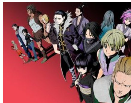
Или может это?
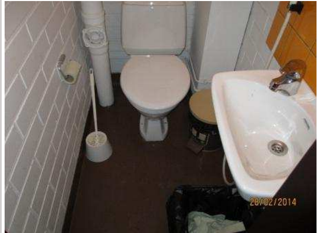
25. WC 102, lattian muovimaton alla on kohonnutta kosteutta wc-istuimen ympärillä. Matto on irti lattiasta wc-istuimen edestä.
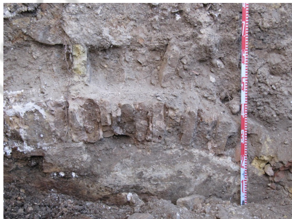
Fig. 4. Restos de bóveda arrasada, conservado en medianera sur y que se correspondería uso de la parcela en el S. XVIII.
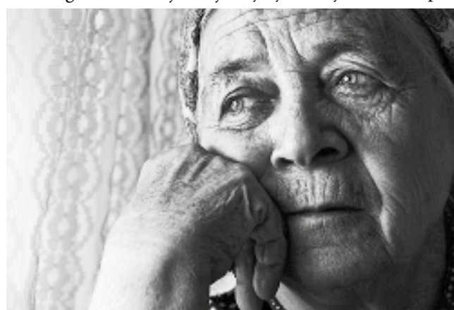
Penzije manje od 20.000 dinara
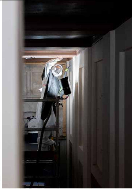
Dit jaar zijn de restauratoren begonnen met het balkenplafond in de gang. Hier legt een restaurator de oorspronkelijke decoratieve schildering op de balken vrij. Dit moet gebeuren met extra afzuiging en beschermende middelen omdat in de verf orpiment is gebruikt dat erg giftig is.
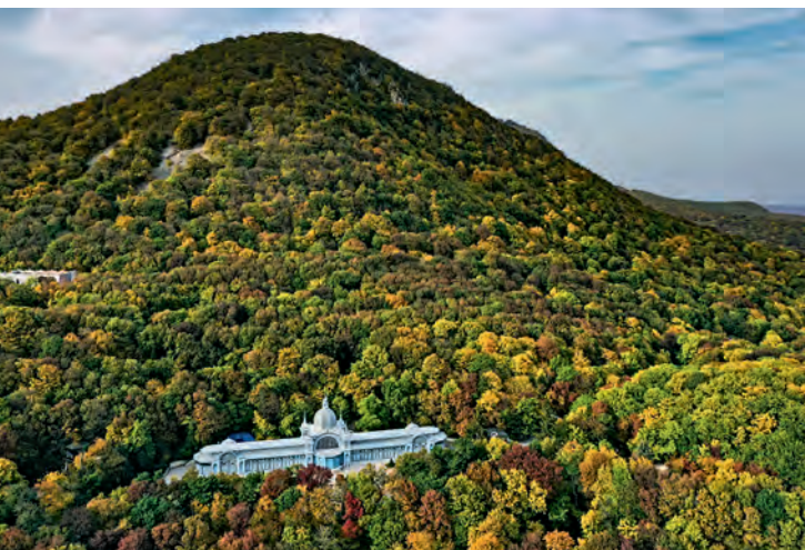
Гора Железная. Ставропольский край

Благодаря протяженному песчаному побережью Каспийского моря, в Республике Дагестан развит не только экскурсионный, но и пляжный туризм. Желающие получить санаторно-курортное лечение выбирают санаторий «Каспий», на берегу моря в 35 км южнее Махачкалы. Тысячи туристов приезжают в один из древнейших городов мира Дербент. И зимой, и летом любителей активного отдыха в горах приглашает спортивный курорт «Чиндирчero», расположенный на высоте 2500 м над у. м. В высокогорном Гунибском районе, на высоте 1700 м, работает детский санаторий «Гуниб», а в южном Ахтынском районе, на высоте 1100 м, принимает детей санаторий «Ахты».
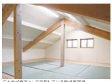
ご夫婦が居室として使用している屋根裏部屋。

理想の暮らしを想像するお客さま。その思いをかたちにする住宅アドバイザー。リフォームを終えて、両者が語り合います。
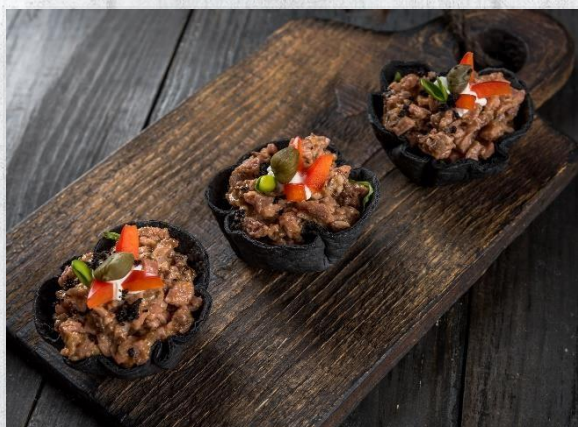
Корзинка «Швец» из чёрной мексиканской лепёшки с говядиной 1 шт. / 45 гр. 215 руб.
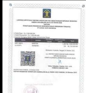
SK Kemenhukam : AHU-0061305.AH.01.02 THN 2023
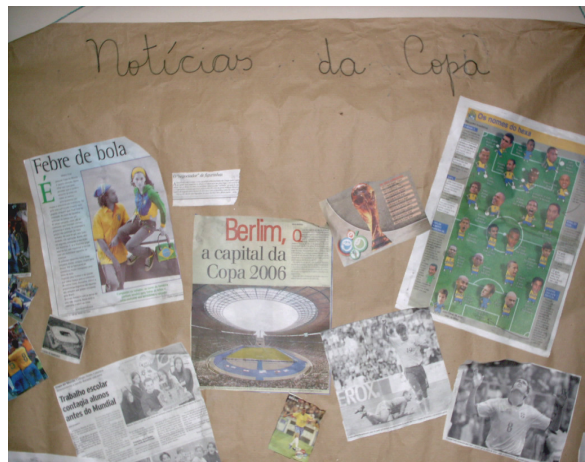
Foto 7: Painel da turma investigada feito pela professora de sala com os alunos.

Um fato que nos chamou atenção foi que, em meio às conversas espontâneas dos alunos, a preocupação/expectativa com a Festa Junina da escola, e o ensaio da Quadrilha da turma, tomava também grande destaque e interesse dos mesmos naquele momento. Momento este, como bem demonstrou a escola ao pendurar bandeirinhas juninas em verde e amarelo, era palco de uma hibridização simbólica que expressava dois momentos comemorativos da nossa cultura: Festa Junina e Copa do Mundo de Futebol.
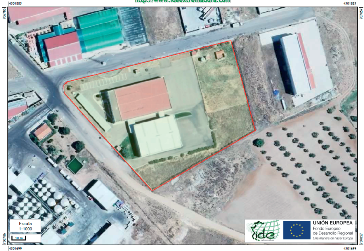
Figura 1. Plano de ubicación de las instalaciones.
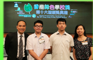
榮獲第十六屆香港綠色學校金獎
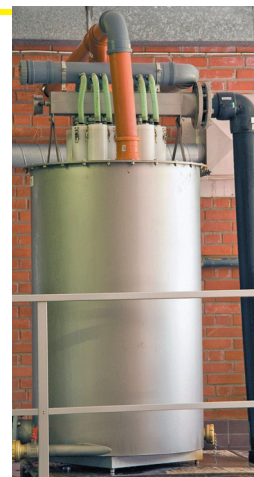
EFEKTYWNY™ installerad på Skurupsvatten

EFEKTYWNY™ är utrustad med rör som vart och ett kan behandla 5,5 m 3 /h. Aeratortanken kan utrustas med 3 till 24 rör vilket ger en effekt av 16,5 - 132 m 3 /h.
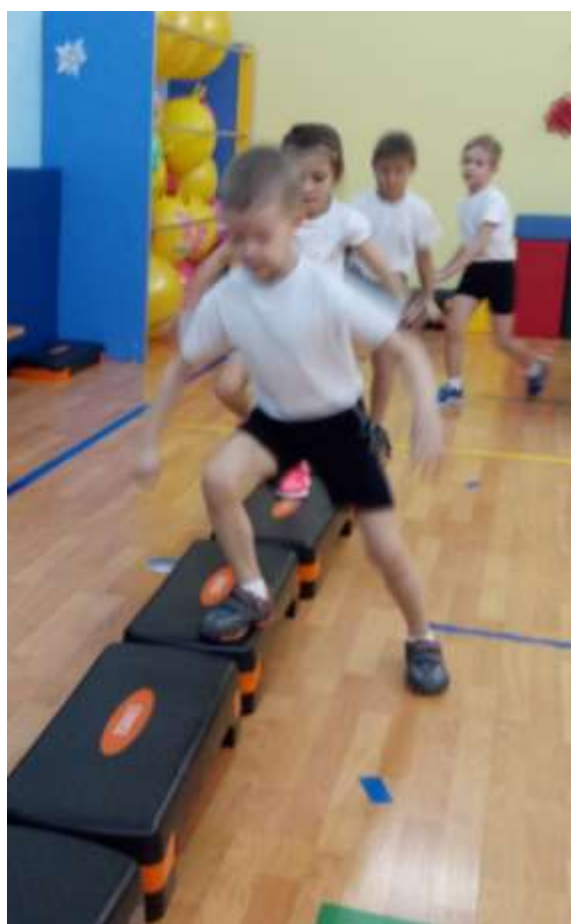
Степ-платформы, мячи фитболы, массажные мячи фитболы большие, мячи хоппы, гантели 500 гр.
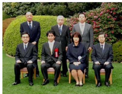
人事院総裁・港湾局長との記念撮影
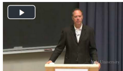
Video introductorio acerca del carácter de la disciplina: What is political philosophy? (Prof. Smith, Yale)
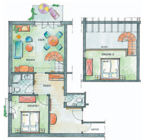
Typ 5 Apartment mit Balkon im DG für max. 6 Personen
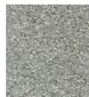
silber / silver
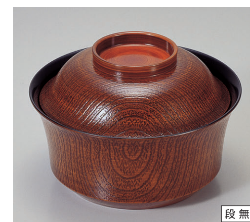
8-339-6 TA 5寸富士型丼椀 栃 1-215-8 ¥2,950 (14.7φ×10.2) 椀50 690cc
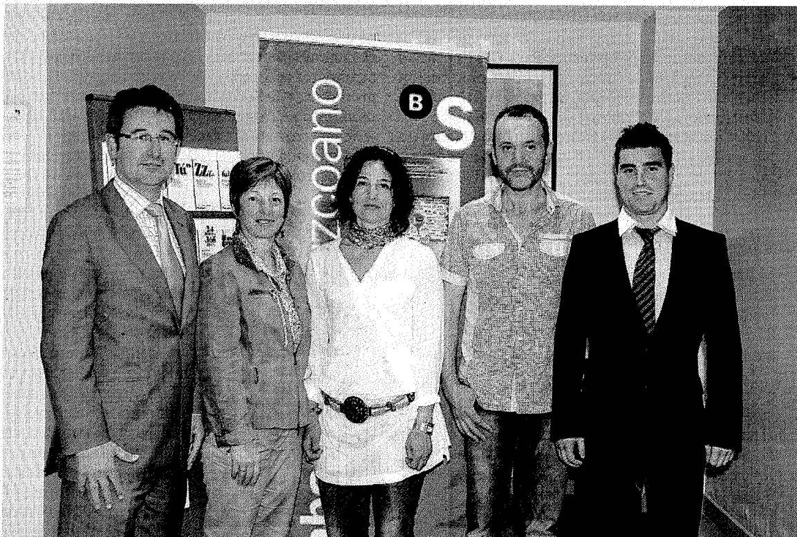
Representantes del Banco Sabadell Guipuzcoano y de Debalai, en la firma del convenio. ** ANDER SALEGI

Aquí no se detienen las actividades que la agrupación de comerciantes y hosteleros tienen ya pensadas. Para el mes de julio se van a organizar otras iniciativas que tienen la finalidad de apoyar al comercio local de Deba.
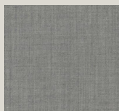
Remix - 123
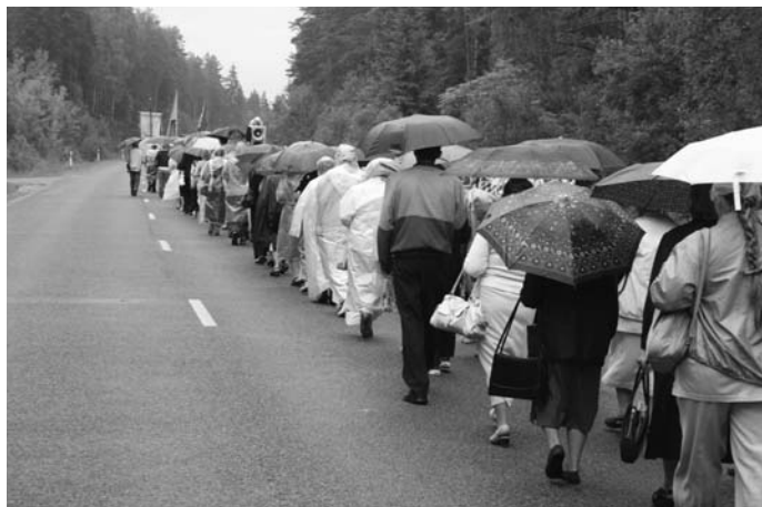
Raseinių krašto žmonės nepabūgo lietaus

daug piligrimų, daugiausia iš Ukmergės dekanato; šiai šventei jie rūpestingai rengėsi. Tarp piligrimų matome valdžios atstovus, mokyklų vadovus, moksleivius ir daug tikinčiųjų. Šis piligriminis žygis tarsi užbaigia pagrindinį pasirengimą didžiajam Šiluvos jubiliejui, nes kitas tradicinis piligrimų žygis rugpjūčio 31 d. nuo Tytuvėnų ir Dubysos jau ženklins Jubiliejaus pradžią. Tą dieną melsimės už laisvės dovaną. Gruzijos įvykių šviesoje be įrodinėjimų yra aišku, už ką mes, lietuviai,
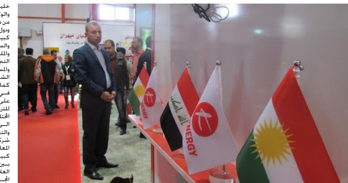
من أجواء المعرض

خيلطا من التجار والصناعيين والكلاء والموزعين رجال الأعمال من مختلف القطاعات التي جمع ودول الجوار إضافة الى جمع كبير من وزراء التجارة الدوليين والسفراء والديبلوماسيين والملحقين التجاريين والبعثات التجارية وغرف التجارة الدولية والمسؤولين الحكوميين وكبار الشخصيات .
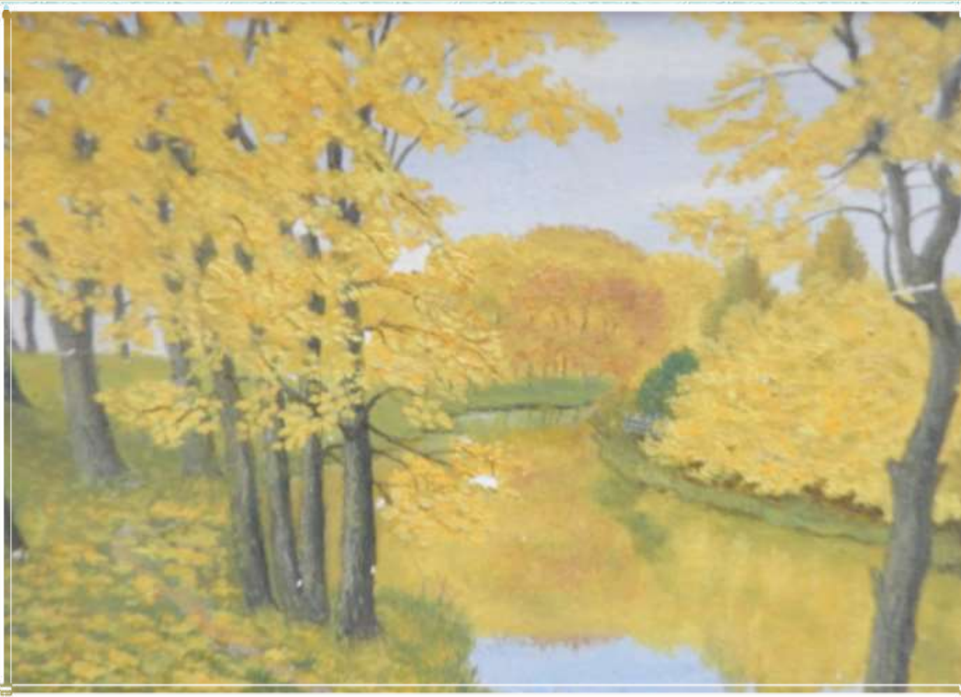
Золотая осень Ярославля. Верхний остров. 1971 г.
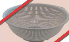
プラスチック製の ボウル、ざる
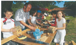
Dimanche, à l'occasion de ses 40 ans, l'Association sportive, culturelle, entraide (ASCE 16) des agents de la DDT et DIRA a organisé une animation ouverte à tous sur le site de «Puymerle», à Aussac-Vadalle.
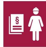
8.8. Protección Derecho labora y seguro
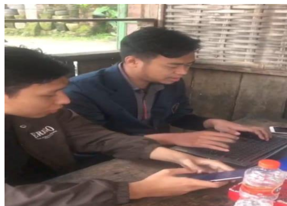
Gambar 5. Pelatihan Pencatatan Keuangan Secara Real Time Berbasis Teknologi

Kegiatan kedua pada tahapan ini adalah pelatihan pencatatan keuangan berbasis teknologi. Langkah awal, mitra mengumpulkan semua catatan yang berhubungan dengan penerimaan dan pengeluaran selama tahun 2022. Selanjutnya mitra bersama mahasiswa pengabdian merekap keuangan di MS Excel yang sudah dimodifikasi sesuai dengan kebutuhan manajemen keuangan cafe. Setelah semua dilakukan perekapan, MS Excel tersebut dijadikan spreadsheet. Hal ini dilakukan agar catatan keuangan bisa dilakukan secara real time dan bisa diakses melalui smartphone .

- [Exercise requirements]:
A single number is required: the count of lines in the data that include the string "EFEKTYWNY".

- [Your response]:
2